Individual wavelengths are slightly off their true colour. I would suspect the modifications I made to unlock the brightness, although I cannot think of how they would modify the hue. @capnrefsmmat Other suspects include an off by one error in your arrays, are you able to check this out? Although it's a touch more than 5nm. Edit: Odd, ramping up the brightness even further appears to fix it somewhat. I think it may be attributable to the non-linearity of RGB along with the rather extreme levels of Gamma I used to fit in the dynamic range we're seeing.

capnrefsmmat commented 12 years ago

Also worth noting that "true color" is a misnomer, since the conversion to RGB is based on estimates of the sensitivity of the different color receptors in the eye. Anyone who uses different estimates will give a different RGB value for a given wavelength.
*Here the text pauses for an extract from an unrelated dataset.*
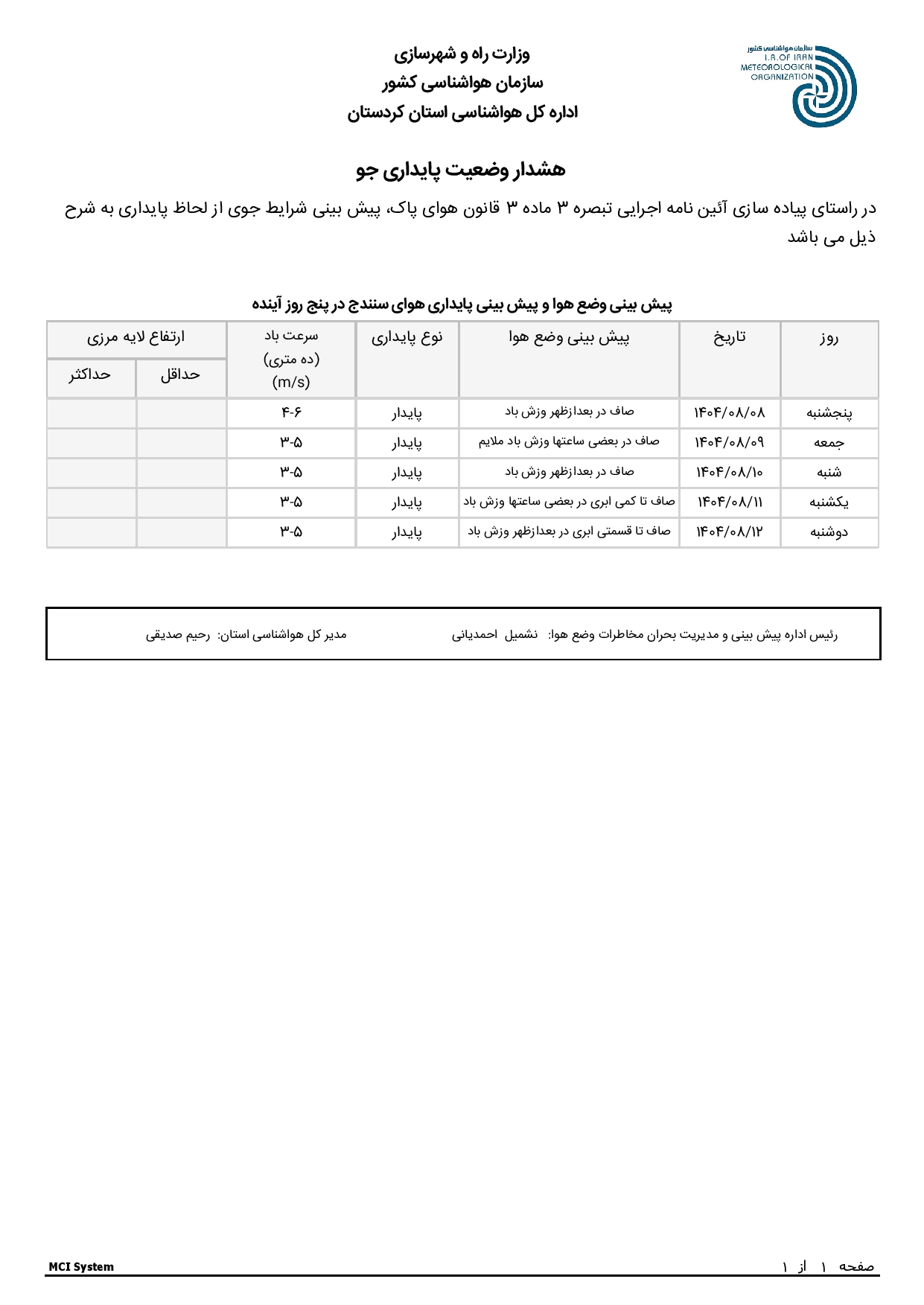 گزارشات عملکرد اداره هواشناسی کردستان

capnrefsmmat commented 12 years ago

Heh. Doppler-shifting photons causes a few problems -- Greedo's laser pulse in the second step of the Han and Greedo demo is invisible, since it's redshifted too far. We'll have to tweak wavelengths to keep it visible.

Schroedingers-Hat commented 12 years ago

or make it a toggle-able setting? I don't think it's appropriate all the time anyway re. true colour, most people point to roughly the same place in the rainbow when you ask which bit is yellow/orange. Before I fiddled with the brightness those wavelengths more orange/red (ie. error was more than variance)

capnrefsmmat commented 12 years ago

or make it a toggle-able setting? I don't think it's appropriate all the time anyway

Definitely. It looks like this'll be a common problem, because several demos suffer from it. Han and Greedo just goes at 0.3c, so it doesn't take high velocities to cause it.

We might use the existing showDoppler switch for this. Seems easy enough.

Schroedingers-Hat commented 12 years ago

You can get a little wiggle room by using green rather than red. Or at least a green-er red. There's not much visible spectrum past 680nm

Schroedingers-Hat commented 12 years ago

-_- Just realised all we have to do for monochromatic light is multiply by the relevant value of CIE_COLOR_MATCH and we're done (for XYZ space at least).